This is not all that unusual. May I ask which reading scores were concerns, and what they were? That might tell us a little about the nature of the reading discrepancy. ADHD can also affect reading, even in the absence of dyslexia.

As to therapy and tutoring for a child in the highest reading group: the question is not how well he is doing compared to other children, but how well he is doing compared to himself, and whether there are factors amenable to remediation that may be interfering with the full expression and development of his gifts (which includes, for example, how an aversion to reading affects access to high-level vocabulary, writing models, information, inferential thinking, and professions that he might be otherwise interested in, that require high volumes of reading).
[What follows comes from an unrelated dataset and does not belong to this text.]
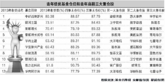 截至今日,去年收益超50%的最牛12只偏股基金中已有10只公布了2013年四季度报告,这些去年的赢家在震荡市中的仓位和调仓换股情况曝光。
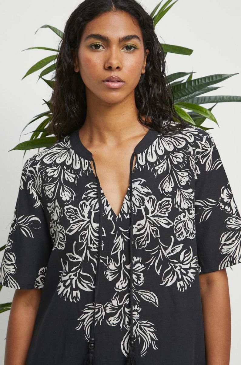 Сукня з домішкою льону Medicine колір чорний mini oversize

He is also only 9. At this age, any downstream impacts from reading deficiencies are probably being masked by his other abilities (especially in oral language). I have seen many, many dyslexic students for whom performance in the language areas of cognitive assessments has fallen gradually over the years, because their access to reading vocabulary at their cognitive level is restricted by subtle or blatant reading deficits. More importantly, most children are aware (or become aware) that reading-related tasks "should" come more easily to them than they do, which creates and perpetuates a negative self-concept with regard to their learning ability and motivation. You may not see the effects of not remediating until several years have passed.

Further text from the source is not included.